> _EXERCISE GOAL_
Set down each entry as it stands. Skip the pictures.
>>
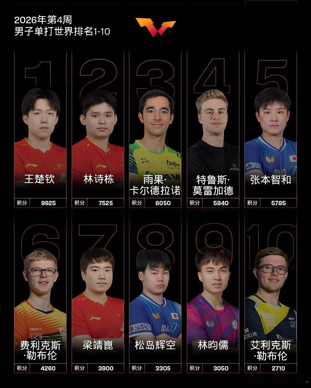 国际乒联2026年第4周世界排名男子单打,中国队球员王楚钦、林诗栋位列前二,梁靖
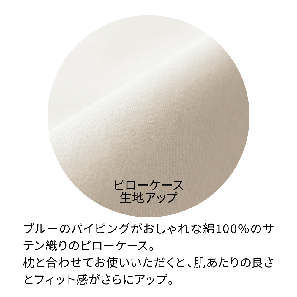 ビックシルエットで背中までフィットする、「ふんわりシンクロピロー」専用のピローケースです。綿100%のサテン織で肌ざわりが優しいのがポイント。柔らかいミルキーホワイトにブルーのパイピングをセレクトしたシンプルながらおしゃれなデザインです。ブルーのパイピングがおしゃれな綿100%のサテン織り。本体と合わせてお使いいただくと、肌あたりの良さとフィット感がさらにアップします。
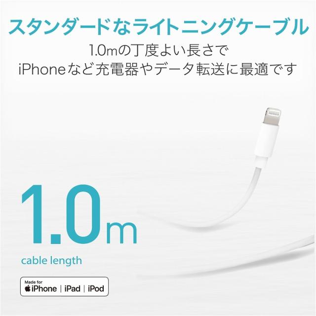 エレコム ライトニングケーブル 1m Lightningiphone / ipod オーディオ向ケ スタンダードタイプ データ転送/充電用 MPA-UALO10WH(代引不
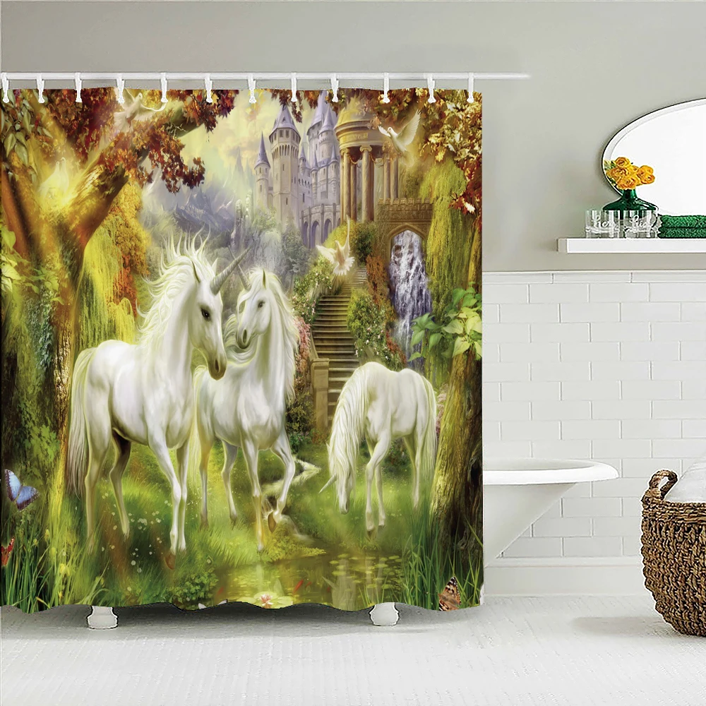 Девушки единорог мультфильм прекрасный Душ шторы Водонепроницаемая занавеска для ванной полиэстер ткань Декор Ванна занавеска 180*180 см с крючками
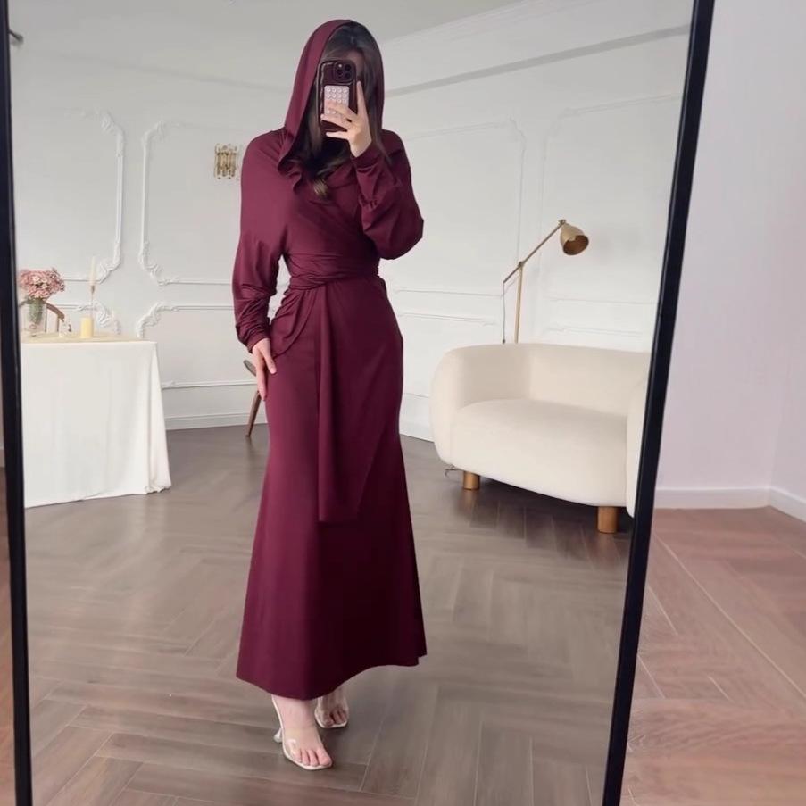 This elegant hijab dress is perfect for summer occasions, offering a sophisticated long sleeve design that provides both style and comfort. Made entirely from high-quality polyester, the dress is lightweight and breathable, ensuring you stay cool during warmer days. The stylish tie waist adds a flattering silhouette, while the cape provides an extra layer of grace and modesty. Ideal for those who appreciate a blend of contemporary fashion with traditional elegance.
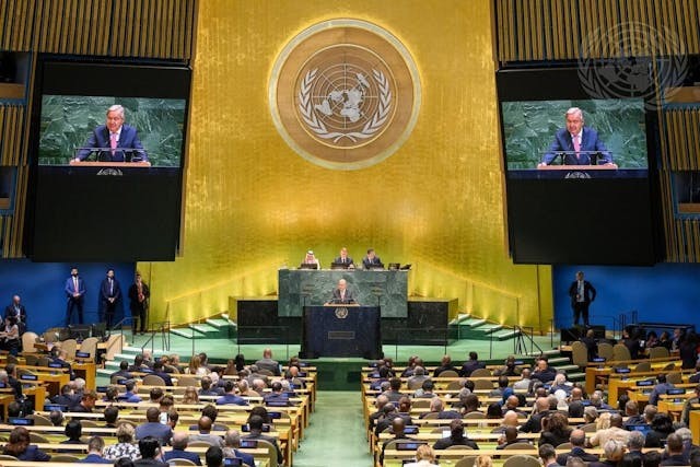 與此同時,推動巴勒斯坦建國的呼聲,最近幾個月也在高漲。2025年7月28至30日,法國和沙特在聯合國共同舉辦了和平解決巴勒斯坦問題和落實兩國方案高級別國際會議,通過了《紐約宣言》,支持巴勒斯坦建國。9月12日,第80屆聯合國大會以142票贊成,10票反對,12票棄權壓倒性通過決議支持《紐約宣言》。
<<
> _WORKED SOLUTION_
 国际乒联2026年第4周世界排名男子单打,中国队球员王楚钦、林诗栋位列前二,梁靖
 ビックシルエットで背中までフィットする、「ふんわりシンクロピロー」専用のピローケースです。綿100%のサテン織で肌ざわりが優しいのがポイント。柔らかいミルキーホワイトにブルーのパイピングをセレクトしたシンプルながらおしゃれなデザインです。ブルーのパイピングがおしゃれな綿100%のサテン織り。本体と合わせてお使いいただくと、肌あたりの良さとフィット感がさらにアップします。
 エレコム ライトニングケーブル 1m Lightningiphone / ipod オーディオ向ケ スタンダードタイプ データ転送/充電用 MPA-UALO10WH(代引不
 Девушки единорог мультфильм прекрасный Душ шторы Водонепроницаемая занавеска для ванной полиэстер ткань Декор Ванна занавеска 180*180 см с крючками
 This elegant hijab dress is perfect for summer occasions, offering a sophisticated long sleeve design that provides both style and comfort. Made entirely from high-quality polyester, the dress is lightweight and breathable, ensuring you stay cool during warmer days. The stylish tie waist adds a flattering silhouette, while the cape provides an extra layer of grace and modesty. Ideal for those who appreciate a blend of contemporary fashion with traditional elegance.
 與此同時,推動巴勒斯坦建國的呼聲,最近幾個月也在高漲。2025年7月28至30日,法國和沙特在聯合國共同舉辦了和平解決巴勒斯坦問題和落實兩國方案高級別國際會議,通過了《紐約宣言》,支持巴勒斯坦建國。9月12日,第80屆聯合國大會以142票贊成,10票反對,12票棄權壓倒性通過決議支持《紐約宣言》。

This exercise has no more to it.